# EXERCISE OBJECTIVE
Work through the listing below and give again exactly the lines from the one with "31、32号楼户型-4室3厅5卫1厨建筑面积260.00平米" to the one with "AKBC and Austrade", both ends included. All other lines and all pictures stay out.

EXERCISE MATERIALS START

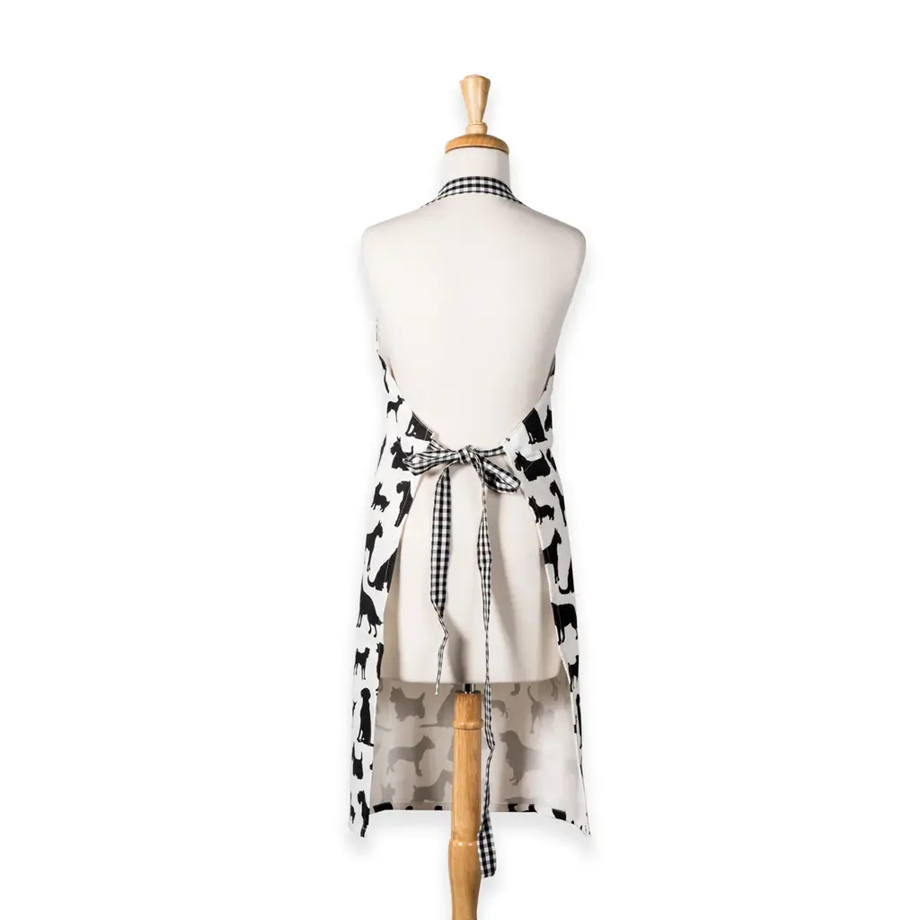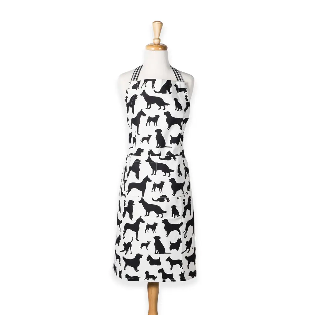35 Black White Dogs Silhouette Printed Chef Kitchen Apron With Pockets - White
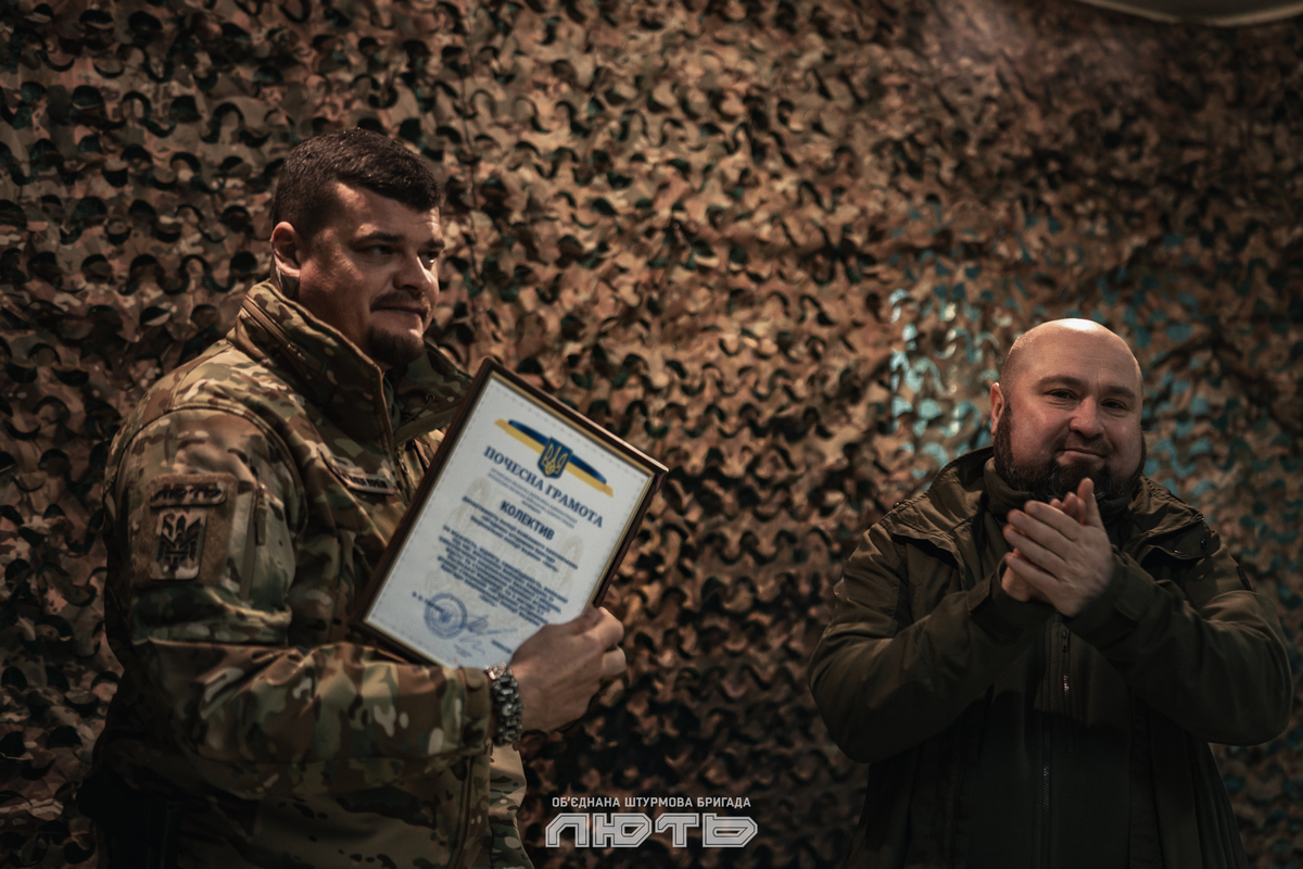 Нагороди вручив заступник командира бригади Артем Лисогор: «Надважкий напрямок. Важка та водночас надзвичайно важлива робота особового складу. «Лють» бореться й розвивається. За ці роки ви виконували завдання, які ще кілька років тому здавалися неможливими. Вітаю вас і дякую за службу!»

EXERCISE MATERIALS END
EXERCISE MATERIALS START

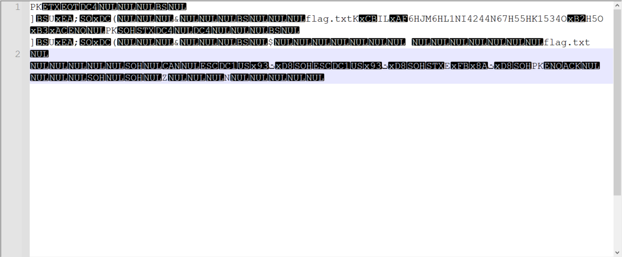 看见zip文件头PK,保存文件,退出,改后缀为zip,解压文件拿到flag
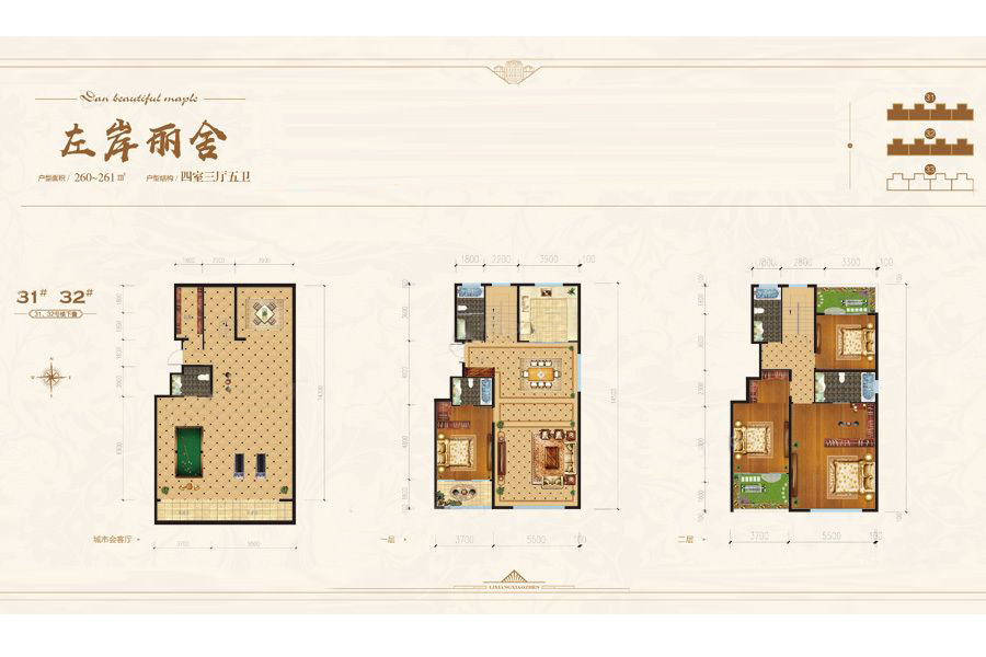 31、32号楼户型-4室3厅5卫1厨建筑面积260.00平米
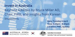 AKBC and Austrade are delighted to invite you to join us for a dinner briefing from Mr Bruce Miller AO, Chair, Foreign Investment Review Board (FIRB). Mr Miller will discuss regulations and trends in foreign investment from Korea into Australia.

EXERCISE MATERIALS END

# SOLUTION FOR THIS PROBLEM
 31、32号楼户型-4室3厅5卫1厨建筑面积260.00平米
 AKBC and Austrade are delighted to invite you to join us for a dinner briefing from Mr Bruce Miller AO, Chair, Foreign Investment Review Board (FIRB). Mr Miller will discuss regulations and trends in foreign investment from Korea into Australia.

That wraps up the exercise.